YOUR OBJECTIVE:
Both the line below containing "今日の給食(R7.10.1) - 玉名市岱明町 大野保育園" and the line containing "Créer une décoration", along with every line between them, should be repeated exactly; no other line belongs in the answer.

INFORMATION GIVEN:
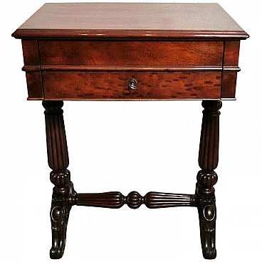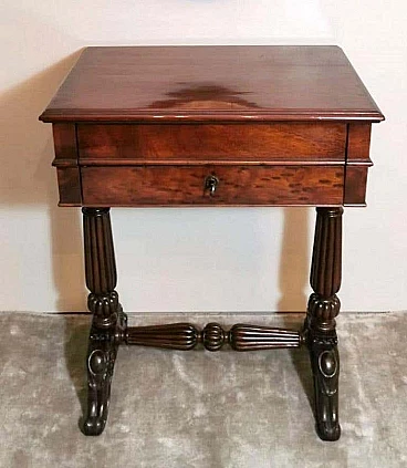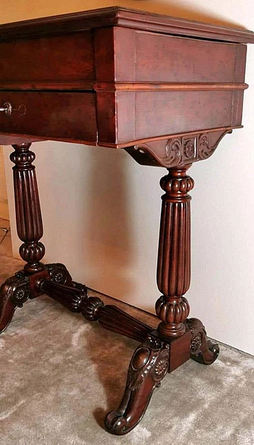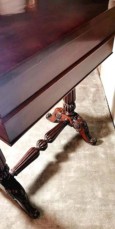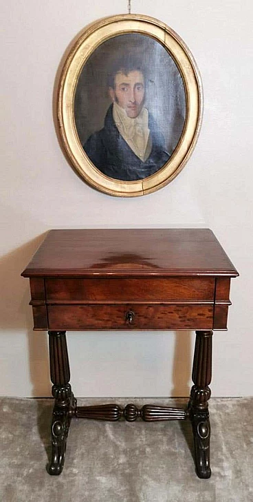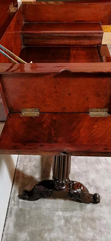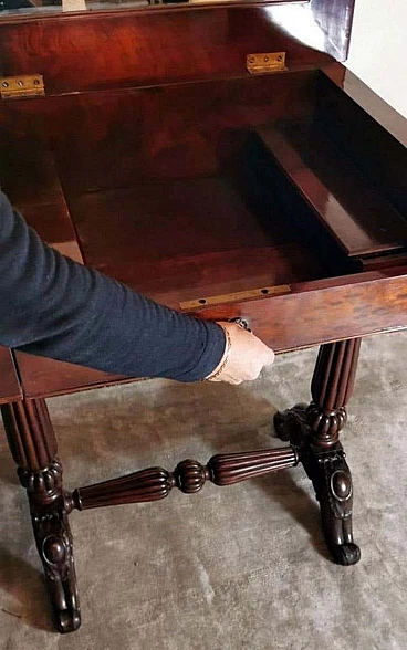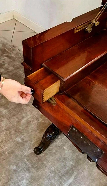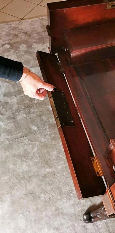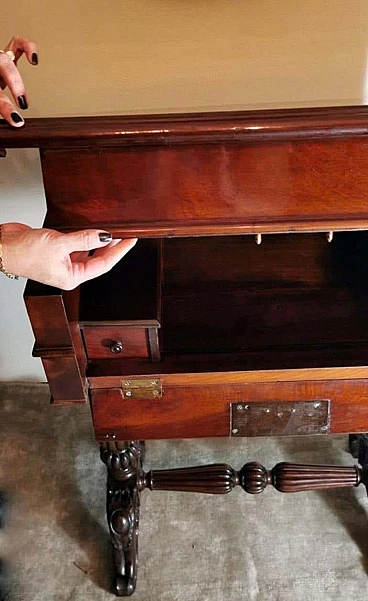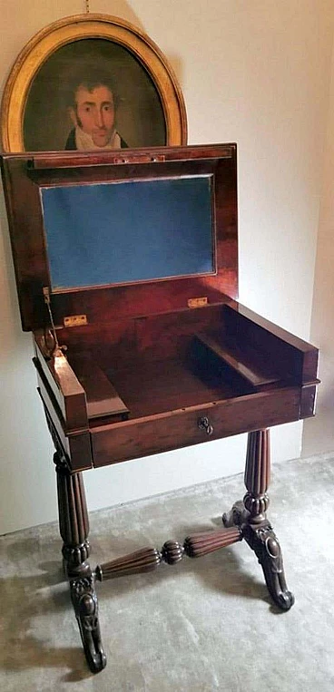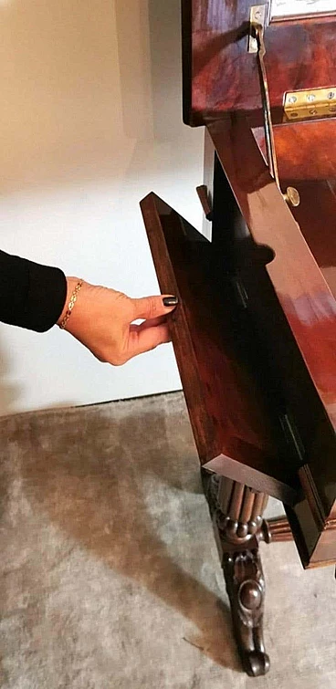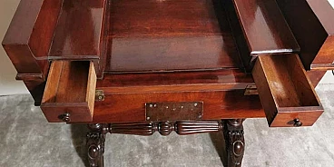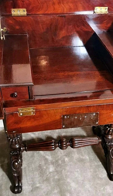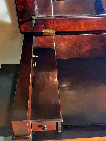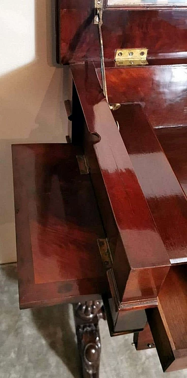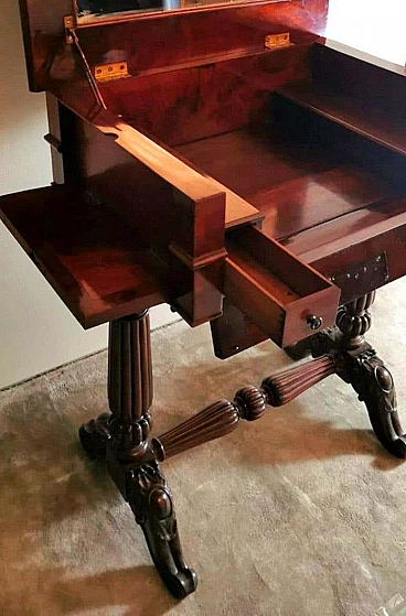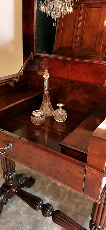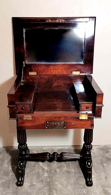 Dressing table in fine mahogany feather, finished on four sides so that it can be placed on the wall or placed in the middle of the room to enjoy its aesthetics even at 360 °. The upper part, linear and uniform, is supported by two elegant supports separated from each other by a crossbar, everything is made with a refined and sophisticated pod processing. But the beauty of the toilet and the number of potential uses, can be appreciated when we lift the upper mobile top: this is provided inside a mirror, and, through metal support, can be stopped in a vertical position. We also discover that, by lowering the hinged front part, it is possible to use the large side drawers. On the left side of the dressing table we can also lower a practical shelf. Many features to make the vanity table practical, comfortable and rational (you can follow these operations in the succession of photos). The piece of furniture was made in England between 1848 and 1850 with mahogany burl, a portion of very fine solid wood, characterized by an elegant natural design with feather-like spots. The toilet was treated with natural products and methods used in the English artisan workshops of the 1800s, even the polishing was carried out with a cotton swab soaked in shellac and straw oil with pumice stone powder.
...
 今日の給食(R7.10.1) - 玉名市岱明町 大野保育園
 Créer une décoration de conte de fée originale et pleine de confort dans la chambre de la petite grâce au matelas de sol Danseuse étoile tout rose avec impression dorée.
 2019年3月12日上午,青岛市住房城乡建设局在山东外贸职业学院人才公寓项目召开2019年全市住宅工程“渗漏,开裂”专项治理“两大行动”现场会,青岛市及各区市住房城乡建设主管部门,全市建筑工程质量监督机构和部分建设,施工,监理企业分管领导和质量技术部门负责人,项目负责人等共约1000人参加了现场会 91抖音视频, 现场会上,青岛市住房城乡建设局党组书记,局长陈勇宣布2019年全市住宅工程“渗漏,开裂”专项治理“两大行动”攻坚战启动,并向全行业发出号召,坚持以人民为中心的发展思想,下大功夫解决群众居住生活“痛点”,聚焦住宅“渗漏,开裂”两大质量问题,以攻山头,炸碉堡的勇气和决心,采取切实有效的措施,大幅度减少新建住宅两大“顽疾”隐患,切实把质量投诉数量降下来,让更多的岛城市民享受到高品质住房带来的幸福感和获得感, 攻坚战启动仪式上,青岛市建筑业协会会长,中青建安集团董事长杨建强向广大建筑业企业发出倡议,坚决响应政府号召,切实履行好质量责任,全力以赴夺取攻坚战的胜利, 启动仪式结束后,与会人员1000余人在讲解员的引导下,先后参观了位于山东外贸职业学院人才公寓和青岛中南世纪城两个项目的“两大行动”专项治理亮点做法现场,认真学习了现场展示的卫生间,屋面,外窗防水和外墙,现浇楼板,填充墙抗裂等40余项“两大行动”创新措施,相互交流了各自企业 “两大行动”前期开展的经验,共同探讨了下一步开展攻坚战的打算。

EXPECTED OUTPUT:
 今日の給食(R7.10.1) - 玉名市岱明町 大野保育園
 Créer une décoration de conte de fée originale et pleine de confort dans la chambre de la petite grâce au matelas de sol Danseuse étoile tout rose avec impression dorée.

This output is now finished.